◆ Work instructions ◆
The reply must consist of the complete listing, reproduced exactly, with no images included.

◆ Information shown ◆
=== Section Start ===

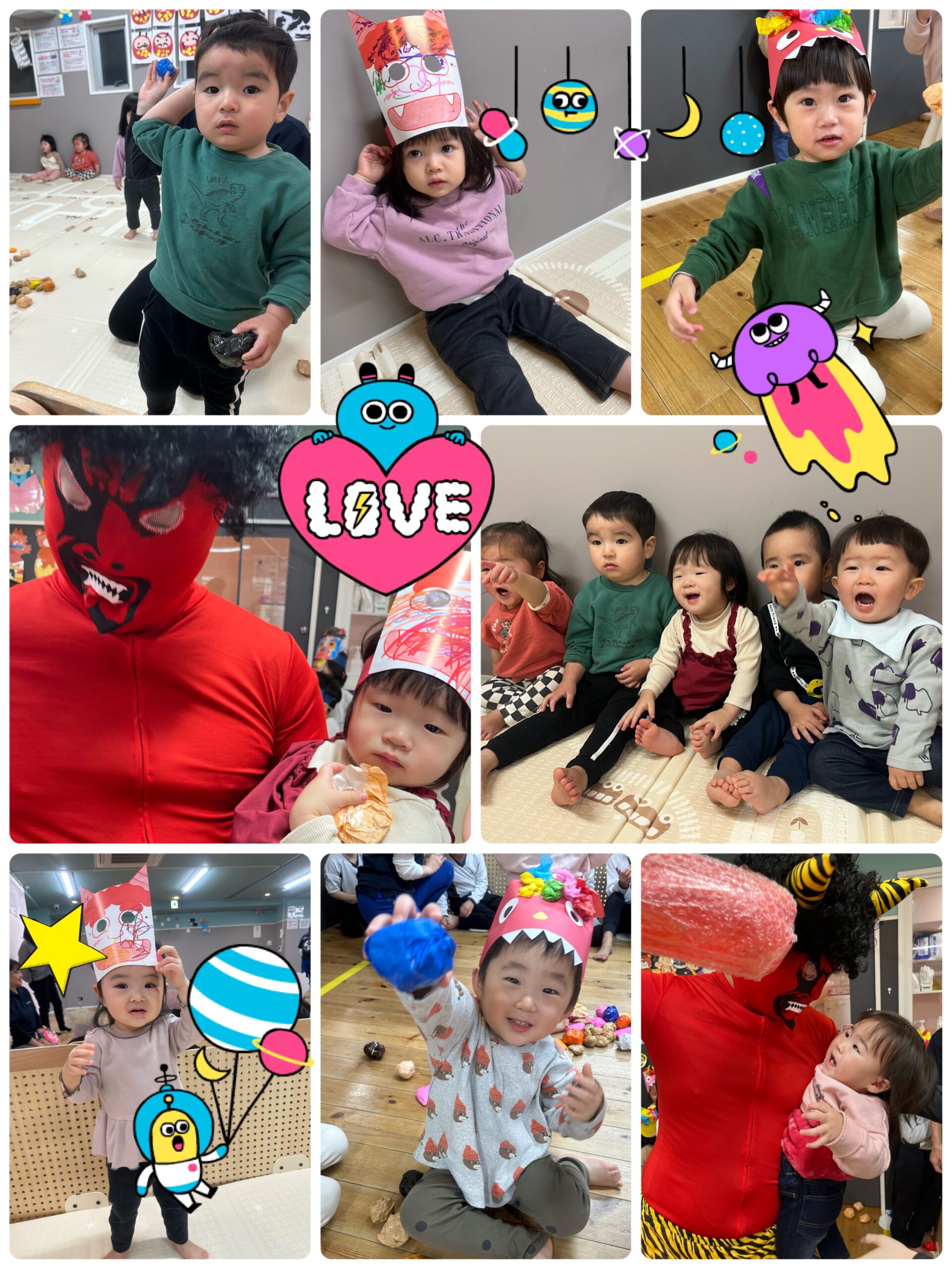 用意していた紙のボールを頑張って鬼さんに向けて投げて退治しました✨
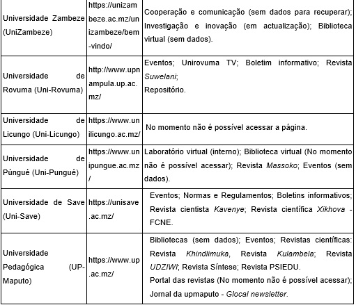 As instituições de pesquisa públicas que não possuem websites: Instituto Nacional de Hidrografia e Navegação, Centro Nacional de Biotecnologia e Biociências, Centro Nacional de Biotecnologia e Biociências, Instituto Nacional de Investigação Pesqueira, Instituto de Investigação Sócio-Cultural, Academia de Ciências de Moçambique.
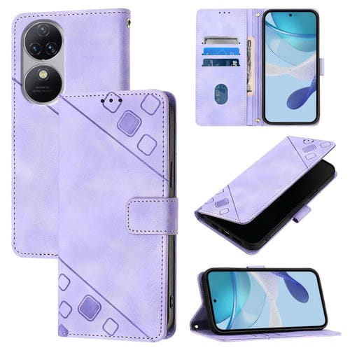 Funda de Cuero para Oukitel C38 Skin Feel con Relieve (Púrpura Claro)
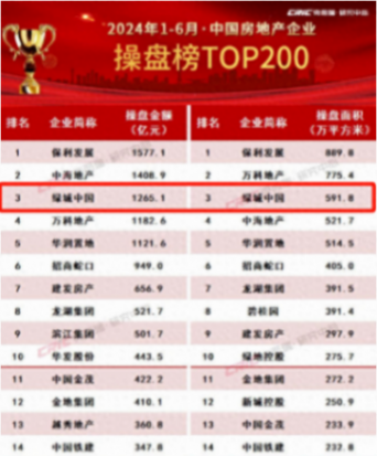 根據克而瑞的2024年1-6月全國操盤榜,保利、中海、綠城等實力型房企穩居TOP10。尤其是綠城中國,在品質為先的發展思路之下,繼續穩定在全國TOP3序列。而大本營所在的浙江區域,是綠城全國化高效運營的一個縮影。

=== Section End ===

◆ Result ◆
 用意していた紙のボールを頑張って鬼さんに向けて投げて退治しました✨
 As instituições de pesquisa públicas que não possuem websites: Instituto Nacional de Hidrografia e Navegação, Centro Nacional de Biotecnologia e Biociências, Centro Nacional de Biotecnologia e Biociências, Instituto Nacional de Investigação Pesqueira, Instituto de Investigação Sócio-Cultural, Academia de Ciências de Moçambique.
 Funda de Cuero para Oukitel C38 Skin Feel con Relieve (Púrpura Claro)
 根據克而瑞的2024年1-6月全國操盤榜,保利、中海、綠城等實力型房企穩居TOP10。尤其是綠城中國,在品質為先的發展思路之下,繼續穩定在全國TOP3序列。而大本營所在的浙江區域,是綠城全國化高效運營的一個縮影。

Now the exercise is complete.